Count Avg Size Min Size Max Size Total Size Total Time Name
12 - - - - 850.3410us Gpu page fault groups
$ nvcc -arch=sm_75 -o t65 t65.cu -DUSE_FIX
$ nvprof ./t65
==2192== NVPROF is profiling process 2192, command: ./t65
==2192== Profiling application: ./t65
==2192== Profiling result:
Type Time(%) Time Calls Avg Min Max Name
GPU activities: 62.56% 47.167us 1 47.167us 47.167us 47.167us add(int, float*, float*)
37.44% 28.223us 1 28.223us 28.223us 28.223us init(int, float*, float*)

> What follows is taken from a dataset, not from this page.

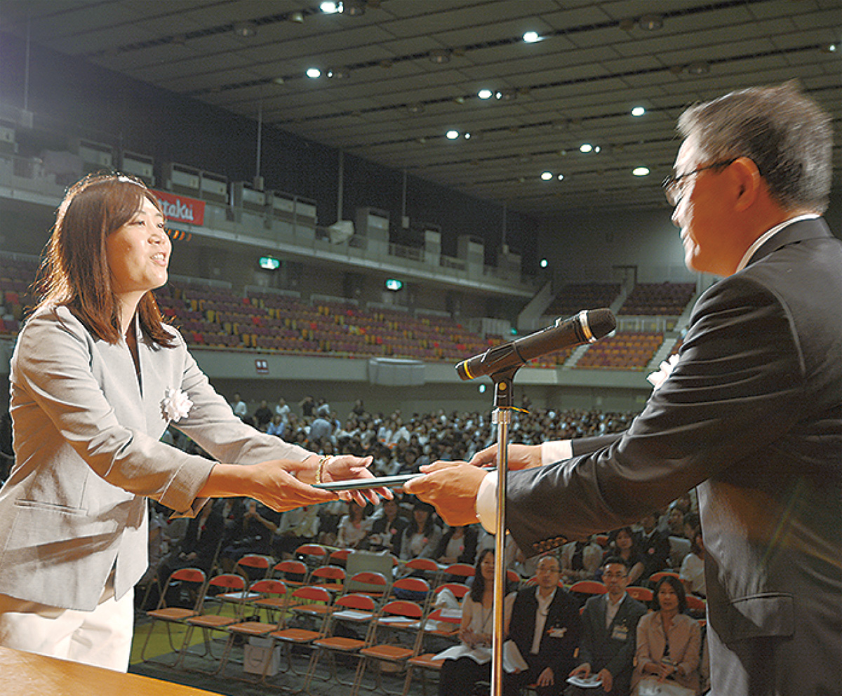 2019年度の横浜市幼稚園大会が6月26日、横浜文化体育館で開催され、勤続5年以上の教員と職員437人が表彰された。区内からは26人の教職員が永年勤続者として登壇した。
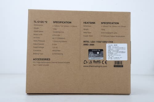 【2 ventilatori PWM】TL-C12C; Ventilatore PWM di dimensione standard: 120x120x25mm (4.72×4.72×0.98 pollici); Peso del prodotto: 0.97kg (2.1lb); velocità della ventola (RPM): 1500rpm±10%; porta di alimentazione: 4pin; Tensione:12V; Flusso d’aria: 66.17CFM (MAX); Livello sonoro ≤ 25.6dB (A), lasciare spazio per il chip di memoria (RAM), in modo che l’installazione della CPU di raffreddamento del ghiaccio sia illimitata

API calls: 99.39% 96.413ms 2 48.206ms 20.312us 96.392ms cudaMallocManaged
0.19% 182.79us 2 91.394us 16.462us 166.33us cudaMemPrefetchAsync
0.12% 112.34us 114 985ns 93ns 35.158us cuDeviceGetAttribute
0.09% 87.379us 1 87.379us 87.379us 87.379us cuLibraryLoadData
0.08% 78.244us 2 39.122us 33.997us 44.247us cudaFree
0.07% 64.200us 1 64.200us 64.200us 64.200us cudaDeviceSynchronize
0.05% 51.041us 2 25.520us 11.435us 39.606us cudaLaunchKernel
0.01% 8.3590us 1 8.3590us 8.3590us 8.3590us cuDeviceGetName
0.01% 7.5140us 1 7.5140us 7.5140us 7.5140us cuDeviceGetPCIBusId
0.00% 963ns 3 321ns 167ns 622ns cuDeviceGetCount
0.00% 487ns 2 243ns 108ns 379ns cuDeviceGet
0.00% 434ns 1 434ns 434ns 434ns cuDeviceTotalMem
0.00% 226ns 1 226ns 226ns 226ns cuModuleGetLoadingMode
0.00% 192ns 1 192ns 192ns 192ns cuDeviceGetUuid
$
We see that the duration of the init
kernel drops to something that is roughly comparable to the duration of the add
kernel, and it removes all page fault reporting.
You can get additional discussion of managed memory behavior in unit 6 of this online training series.